Ghost Buster's Buster


"And now by the power vested in me via form 376c, I hereby summon the spirit of Nathaniel Lee Gasp to appear before us," The Mayor read aloud. The sheet of 8 and a half by 11 inch paper she was holding caught fire and burned a deep black color until nothing was left of it but a pile of ash. From that ash grew the spectral shape of the defendant Nathaniel Gasp.

"Thank you Madame Mayor for presenting me the opportunity to speak on my own behalf."

"Of course Mr. Gasp. Please keep it to a tight two minutes."

"Love is a many splendid thing, madam mayor" he began, instantly launching into an obviously prepared speech. "As you can see from my stunning good looks, I died a young man." He appeared to be about 45, a hard lived 45 at that. "Too young to have known the many wonders of true love."

"Pish," muttered the widow Jenkins, before she was quickly silenced by a look from The Mayor.

"So, as you can imagine, I was always interested when a beautiful young woman came to live at the Jenkins' mansion, where I eternally reside. I would often hope that some lovely maiden might find herself befalling an accident similar to my own."

"Similar in what way Mr. Gasp?" asked The Mayor.

"Well, you know, a few women died at the mansion over the years, but it was always something dreadful, like being scalded, or thrown from a horse. I preferred a young lady unmarred by the physical blemishes one so often attains in death."


"So, I hoped and wished for a bout of scarlet fever that would leave any young woman merely with an attractive blush in the afterlife, or a bout of dysentery, perhaps a light poisoning, anything of the internal nature really. Until recently, when the widow Jenkins' daughter Lillian turned 18 and I decided I could not wait but a moment more for my chance at love. So I pushed her off the balcony, lovingly. Then, I tenderly dropped a chandelier on her. Finally, I caressed her salad with strawberries, which I know she's allergic to."

"So you killed the widow Jenkins' daughter and that's how we ended up in this situation?" The Mayor asked.

"No, no, indeed. For you see, my Lillian has a constitution stronger than most mortal women and she walked away from each incident unscathed."

"That's not true!" cried the widow Jenkins. "The strawberries made her itchy. She was very uncomfortable."

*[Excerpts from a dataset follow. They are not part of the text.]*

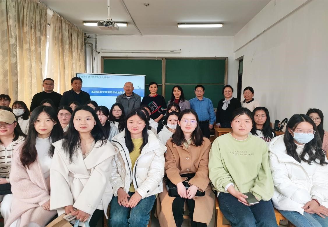 211教室举办了 “数学类师范毕业生答疑解惑”活动。此次活动由数学教育系党支部书记张玉环老师主持,邀请学院刘洪星、车秀敏、尹彦彬等七名数学教育领域专家亲临现场,为数学与应用数学本科生和学科教学(数学)研究生提供宝贵的指导。
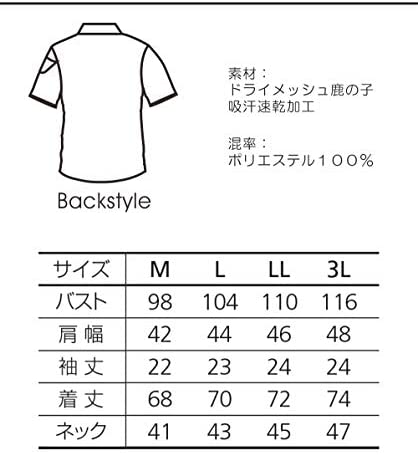 素材/ドライメッシュ鹿の子、 吸汗速乾、消臭、ストレッチ(伸長率40%以上)、 UVカット (UPF50+) 混率/ポリエステル100%男女ユニセックスの着用に対応
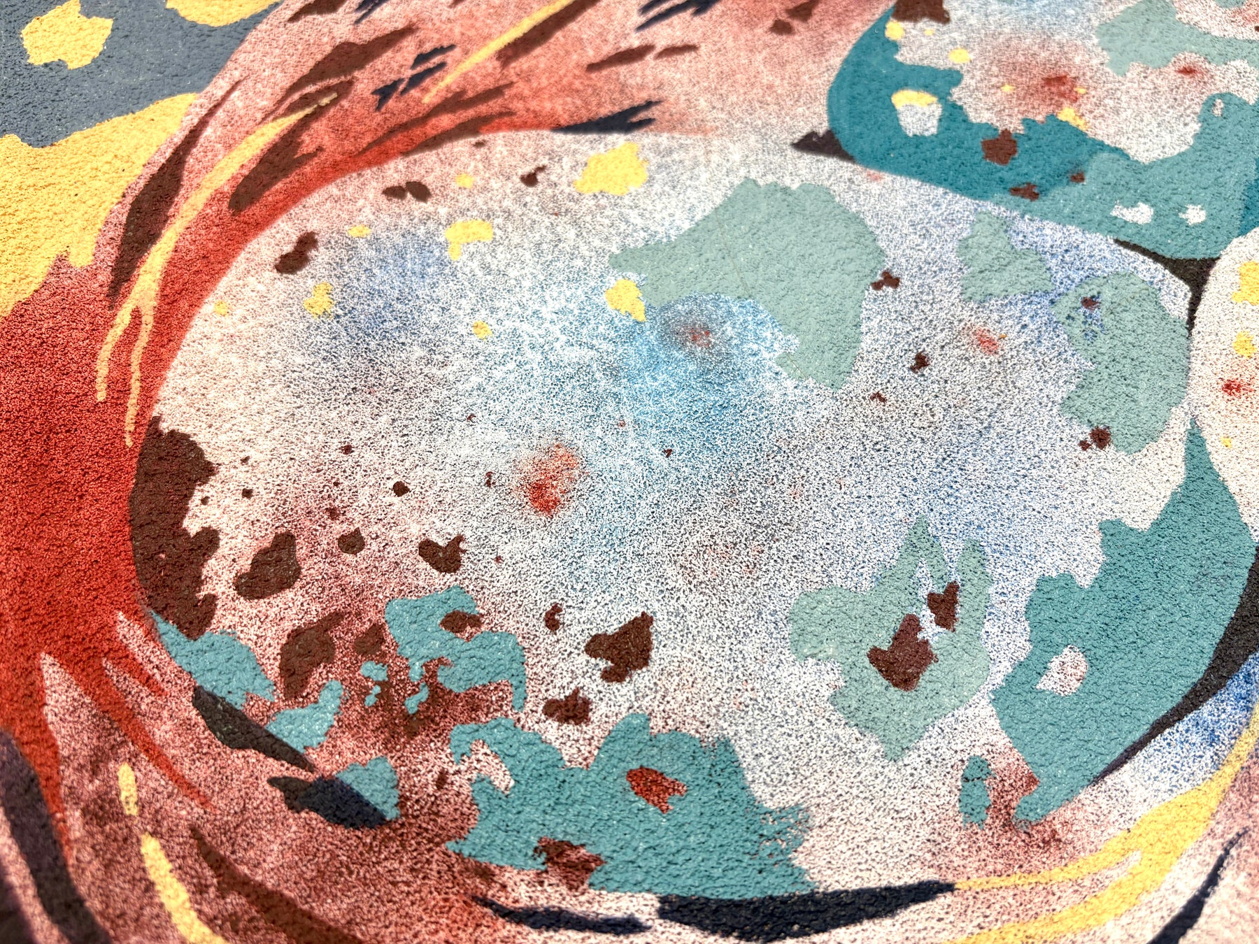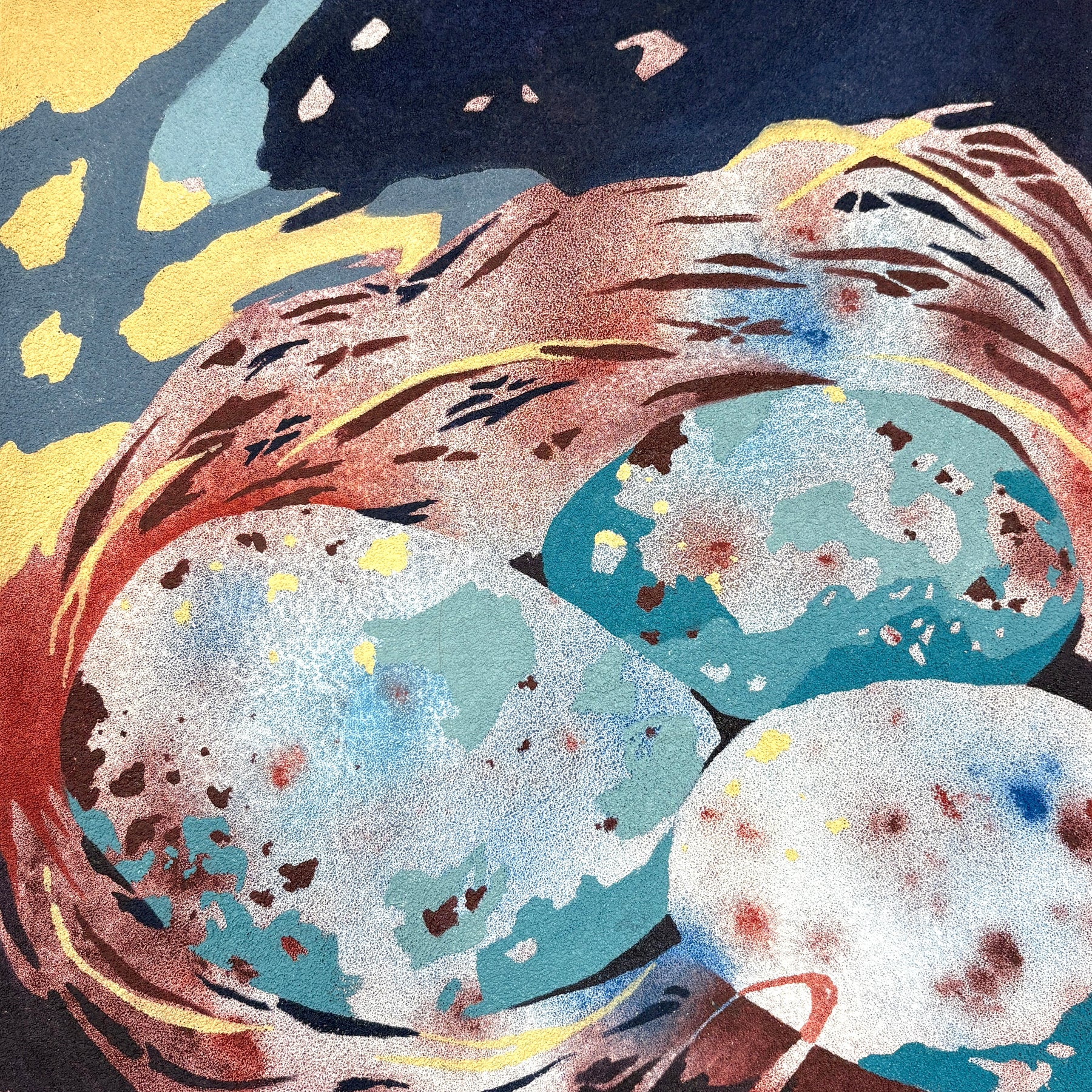 Erin Touey’s work straddles the line between abstraction and representation in her new series of pumice-primed canvas oil paintings. Touey utilizes fluid shapes, variation of line weight, non representational color, distortion of perspective, and in this series, the texture of the pumice primed canvas to bring her often tangible subject matter into the abstract realm. With a limited palette consisting only of Phthalo Blue, Cadmium Yellow, and Quinacridone Magenta, Touey challenges herself to mix all of her colors. The white of the canvas is preserved deliberately, the negative space making shapes that sometimes jump forward or fall back.
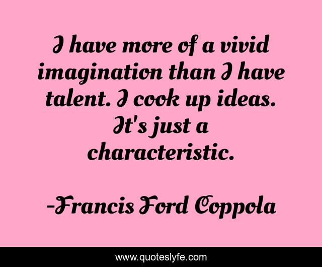 This page presents the quote "I have more of a vivid imagination than I have talent. I cook up ideas. It's just a characteristic.". Author of this quote is Francis Ford Coppola. This quote is about talent, ideas, up,.
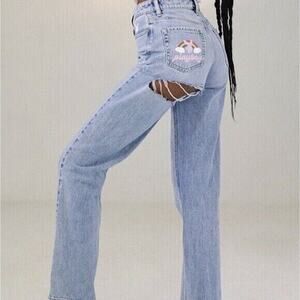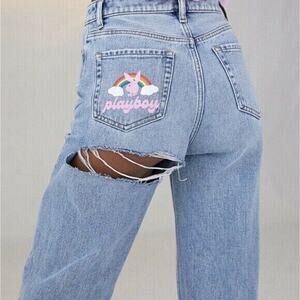 New 23 000 PLAYBOY Light Blue Back Slash 90’s Boyfriend Jeans By PacSun Rainbow
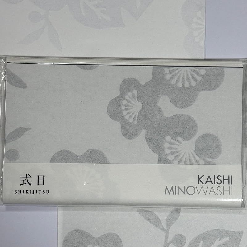 【内容】透かし和紙懐紙 式日です。式日とは、人生の門出の結婚を祝う梅の花が描かれている縁起の良い透かし模様です。 【サイズ】145×175 【枚数】20枚 【原料】針葉樹パルプ、広葉樹パルプ 【色】白 【紙質】しっかり/にじまない
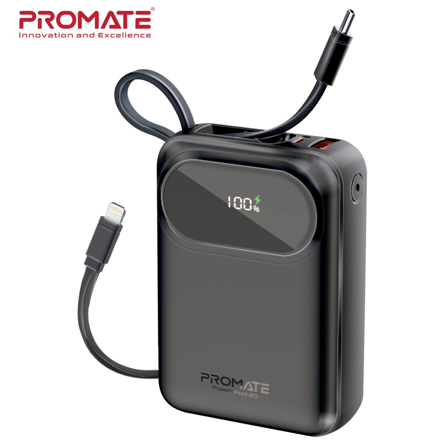 Charge and control your day with PowerPod-10, a 10,000mAh power bank that also has a built-in USB-C cable. Additionally, this versatile bank also features a 35W USB-C charging port and an 18W USB-A QC 3.0 port. Built-in multi-protection, over-current protection, over-charging protection and more combine to ensure safe charging for all your connected devices. The smart display with indicator LED keeps you updated on the remaining charge in your power bank. With comfort, portability and reliability, PowerPod-10 is the perfect accessory for modern life.
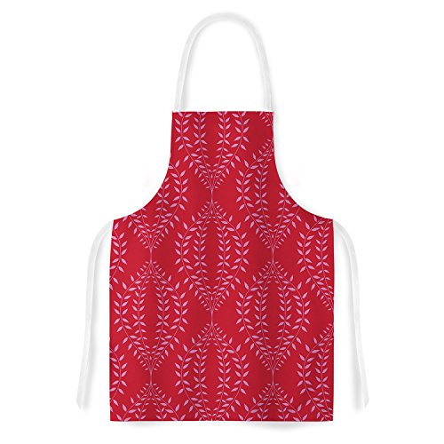 KESS InHouse Anneline Sophia "Laurel Leaf Red" Maroon Floral Artistic Apron, 31 by 35.75", Multicolor

"So that's why we're in this situation. Your daughter was made itchy?" asked The Mayor.

"No mother can stand to see her daughter in discomfort madam mayor. What else can I say? There was something strange in my neighborhood so I called the Ghostbusters."

"BOOOOOO!" shouted the townspeople, this evening, an audience of about 40% ghosts.

"Ghosts are a valued group in our community Mrs. Jenkins. We can't have these men here just busting them willy nilly. Why, my very own hairdresser Sheer-eye Sheila was on her way to work this morning when BAM she was busted."

"I understand, Madam Mayor." Mrs. Jenkins said.

"Good, I certainly must insist you don't make this mistake again. However, I agree with you that this ghost is awful and should be disposed of. Jerry please see to it immediately. Then call in the Ghost Buster Busters to clean up Mrs. Jenkins' mess. Mrs. Jenkins you will pay the Ghost Buster Busters' fee of $375 dollars and one sentient ventriloquist dummy."

Mrs. Jenkins nodded and the next piece of business was hastily addressed.